■ THE TASK
Everything in the listing below except the pictures should be reproduced exactly.

■ DATASET CONTENT
.....

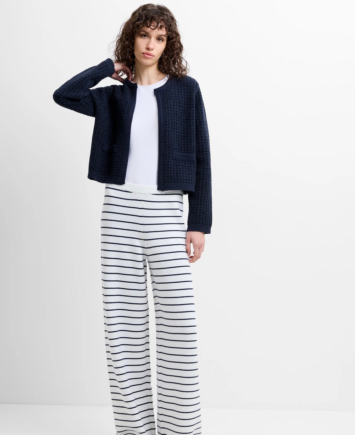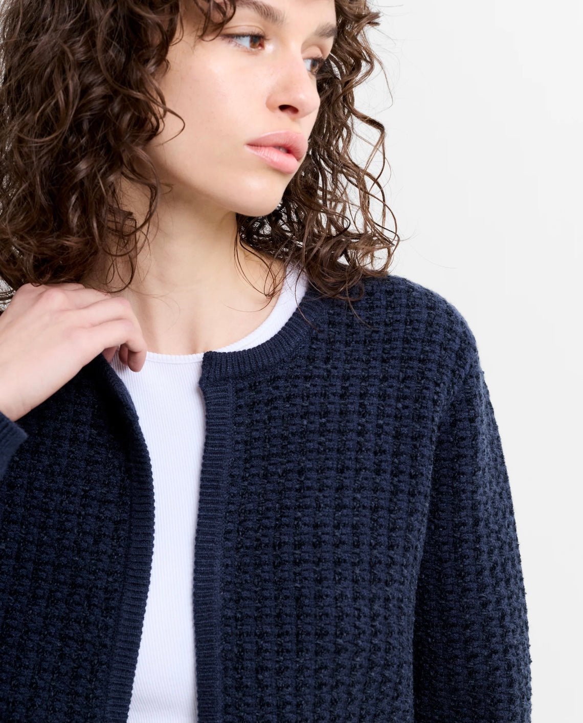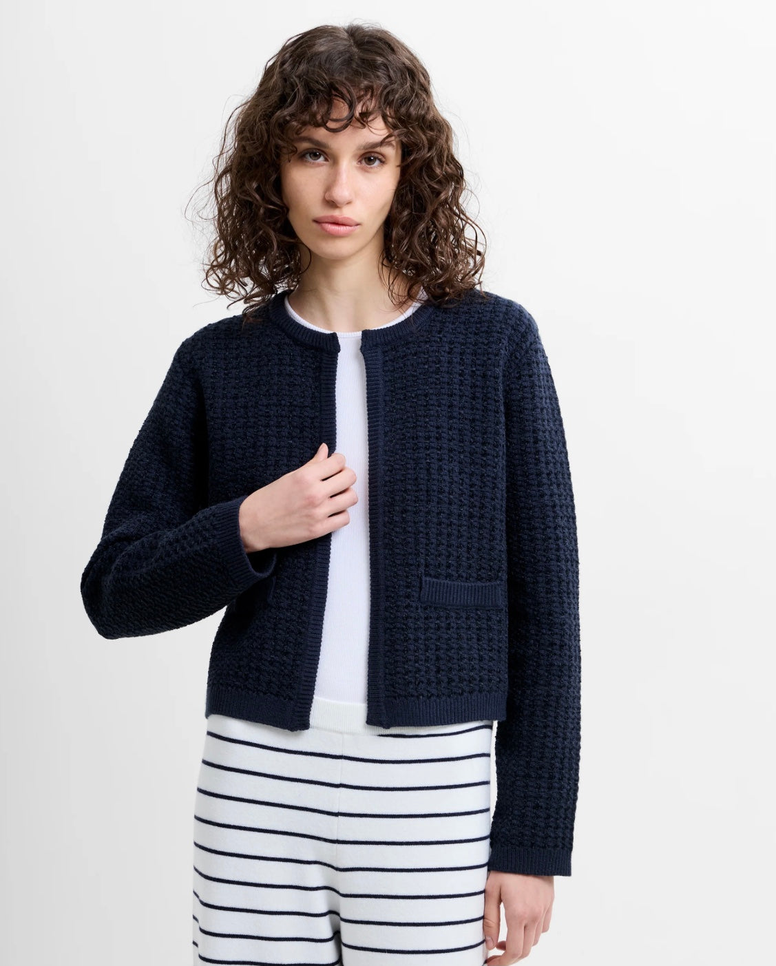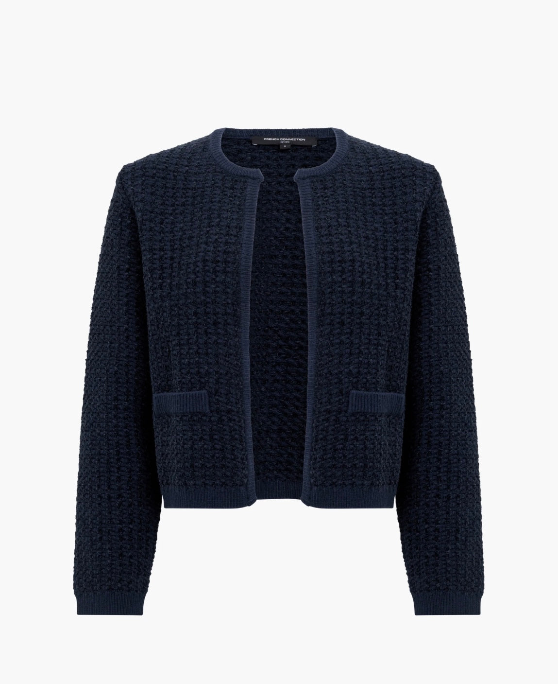 Our Noar Moss Stitch Knit Cardigan ticks every box. In a cosy moss stitch knit, this layer offers an open design with long sleeves, faux pockets and ribbed trims.
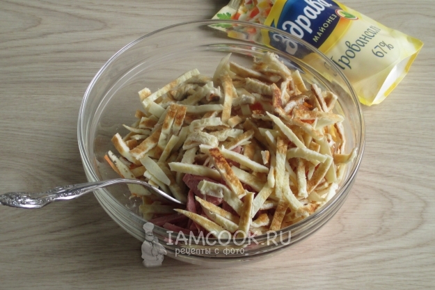 Перед подачей заправьте майонезом по вкусу и перемешайте. По желанию и по вкусу посыпьте молотым черным (или другим) перцем.
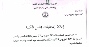 تنهي كلية الحقوق والعلوم السياسية، إلى علم الطلبة المنقطعين أو المتخلين عن الدراسة، أنه تم فتح فترة إيداع ملفات طلبات إعادة الإدماج للالتحاق بالتكوين في طوري الليسانس والماستر للموسم الجامعي 2025/2026 وذلك ابتداءا من 09 جويلية 2025 إلى 16 جويلية 2025 كآخر أجل، والتي ستكون حصريا عبر الرابط أدناه، أو …
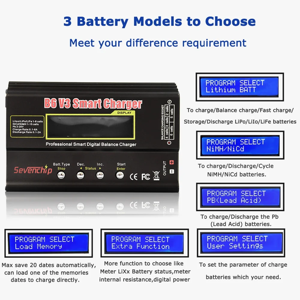 ESKY POWER B6 V3-это обновленная версия imax B6, разработанная ESKY POWER. Это цифровое умное многофункциональное зарядное устройство, которое поддерживает LiPo/LiIon/LiFe/NiCd/NiMH PB батареи, батареи высокой мощности LiHV и умные батареи I,II,III. Максимальная мощность зарядного устройства 80 Вт, разрядная мощность 10 Вт, максимальный зарядный ток 6А, разрядный ток 2A с высокой эффективностью зарядки. Обзор: материнская плата > Практичный для различных батарей: 1-6S Lilon/LiPo/LiFe/LiHV,1-15 ячеек Nicd/NiMh, 2-20 в PB батареи. Умный аккумулятор I,II,III. > Многофункциональность: зарядка, балансировка, разрядка, контроль напряжения терминала, проверка емкости литиевой батареи и напряжения, проверка внутреннего сопротивления батареи, хранение данных и загрузка, цифровая мощность. > Максимальная безопасность: Настройка низкого входного напряжения, ограничение емкости, ограничение времени обработки, пороговое значение температуры, чувствительность Дельта-Пика > 2 в 1 зарядный кабель с штепсельной вилкой XT60 и штепсельной вилкой, который подходит для большинства зарядных батарей Пожалуйста, обратите внимание: Наша машина не может поддерживать измерение напряжения и сопротивления батареи 1s Особенности: -Микропроцессорная управляемая Дельта-пиковая чувствительность. -Мощная и высокопроизводительная схема. -Автоматическое определение количества ячеек секции литиевой батареи. -Проверьте внутреннее сопротивление литиевой батареи. Дайте вам знать, когда батарея идет плохо. -Поддержка LiHV батарея -Поддержка smart battery I,II,III.(требуется дополнительный смарт-кабель для зарядки аккумулятора) -Максимальная безопасность: низкое входное напряжение, Дельта-пиковая чувствительность. Ограничение емкости, ограничение времени обработки, пороговое значение температуры. -Контроль напряжения терминала. -Индивидуальная балансировка клеток, мониторинг напряжения -Хранение и загрузка данных (хранить до 20 пакетов в памяти) -Батареи ломаются и катаются на велосипеде. -Цифровой Мощность Параметры: * Диапазон рабочего напряжения: DC11.0-18.0 Вольт/AC в DC адаптер (DC11.0-18.0V/ 6A) * Максимальная мощность зарядки 80 Вт * Максимальная разрядная мощность 10 Вт * Диапазон заряда: 0,1-6.0A * Диапазон тока разряда: 0,1-2.0A * Слив тока для балансировки: 400 мАч/ячейка * LiIon/LiPo/LiFe/ LiHV клетки: 1-6 клеток * NiCd/NiMH клетки: 1-15 ячеек * Pb Напряжение батареи: 2 ~ 20 в * Умный аккумулятор: I II III. * Вес нетто: 220 г • Габариты: 135x86x27mm Посылка включает в себя: 1 x B6 V3 зарядное устройство 1 x зарядный кабель с разъемом XT60 и T-plug Универсальный зажим типа «крокодил»-1 шт. Кабель зарядного устройства PB-1 шт. Руководство пользователя-1 шт.; 1 x адаптер (если вы выберете изображение с адаптером, вы получите его. Если нет, нет адаптера, спасибо!)

.....

■ YOUR SOLUTION
 Our Noar Moss Stitch Knit Cardigan ticks every box. In a cosy moss stitch knit, this layer offers an open design with long sleeves, faux pockets and ribbed trims.
 Перед подачей заправьте майонезом по вкусу и перемешайте. По желанию и по вкусу посыпьте молотым черным (или другим) перцем.
 تنهي كلية الحقوق والعلوم السياسية، إلى علم الطلبة المنقطعين أو المتخلين عن الدراسة، أنه تم فتح فترة إيداع ملفات طلبات إعادة الإدماج للالتحاق بالتكوين في طوري الليسانس والماستر للموسم الجامعي 2025/2026 وذلك ابتداءا من 09 جويلية 2025 إلى 16 جويلية 2025 كآخر أجل، والتي ستكون حصريا عبر الرابط أدناه، أو …
 ESKY POWER B6 V3-это обновленная версия imax B6, разработанная ESKY POWER. Это цифровое умное многофункциональное зарядное устройство, которое поддерживает LiPo/LiIon/LiFe/NiCd/NiMH PB батареи, батареи высокой мощности LiHV и умные батареи I,II,III. Максимальная мощность зарядного устройства 80 Вт, разрядная мощность 10 Вт, максимальный зарядный ток 6А, разрядный ток 2A с высокой эффективностью зарядки. Обзор: материнская плата > Практичный для различных батарей: 1-6S Lilon/LiPo/LiFe/LiHV,1-15 ячеек Nicd/NiMh, 2-20 в PB батареи. Умный аккумулятор I,II,III. > Многофункциональность: зарядка, балансировка, разрядка, контроль напряжения терминала, проверка емкости литиевой батареи и напряжения, проверка внутреннего сопротивления батареи, хранение данных и загрузка, цифровая мощность. > Максимальная безопасность: Настройка низкого входного напряжения, ограничение емкости, ограничение времени обработки, пороговое значение температуры, чувствительность Дельта-Пика > 2 в 1 зарядный кабель с штепсельной вилкой XT60 и штепсельной вилкой, который подходит для большинства зарядных батарей Пожалуйста, обратите внимание: Наша машина не может поддерживать измерение напряжения и сопротивления батареи 1s Особенности: -Микропроцессорная управляемая Дельта-пиковая чувствительность. -Мощная и высокопроизводительная схема. -Автоматическое определение количества ячеек секции литиевой батареи. -Проверьте внутреннее сопротивление литиевой батареи. Дайте вам знать, когда батарея идет плохо. -Поддержка LiHV батарея -Поддержка smart battery I,II,III.(требуется дополнительный смарт-кабель для зарядки аккумулятора) -Максимальная безопасность: низкое входное напряжение, Дельта-пиковая чувствительность. Ограничение емкости, ограничение времени обработки, пороговое значение температуры. -Контроль напряжения терминала. -Индивидуальная балансировка клеток, мониторинг напряжения -Хранение и загрузка данных (хранить до 20 пакетов в памяти) -Батареи ломаются и катаются на велосипеде. -Цифровой Мощность Параметры: * Диапазон рабочего напряжения: DC11.0-18.0 Вольт/AC в DC адаптер (DC11.0-18.0V/ 6A) * Максимальная мощность зарядки 80 Вт * Максимальная разрядная мощность 10 Вт * Диапазон заряда: 0,1-6.0A * Диапазон тока разряда: 0,1-2.0A * Слив тока для балансировки: 400 мАч/ячейка * LiIon/LiPo/LiFe/ LiHV клетки: 1-6 клеток * NiCd/NiMH клетки: 1-15 ячеек * Pb Напряжение батареи: 2 ~ 20 в * Умный аккумулятор: I II III. * Вес нетто: 220 г • Габариты: 135x86x27mm Посылка включает в себя: 1 x B6 V3 зарядное устройство 1 x зарядный кабель с разъемом XT60 и T-plug Универсальный зажим типа «крокодил»-1 шт. Кабель зарядного устройства PB-1 шт. Руководство пользователя-1 шт.; 1 x адаптер (если вы выберете изображение с адаптером, вы получите его. Если нет, нет адаптера, спасибо!)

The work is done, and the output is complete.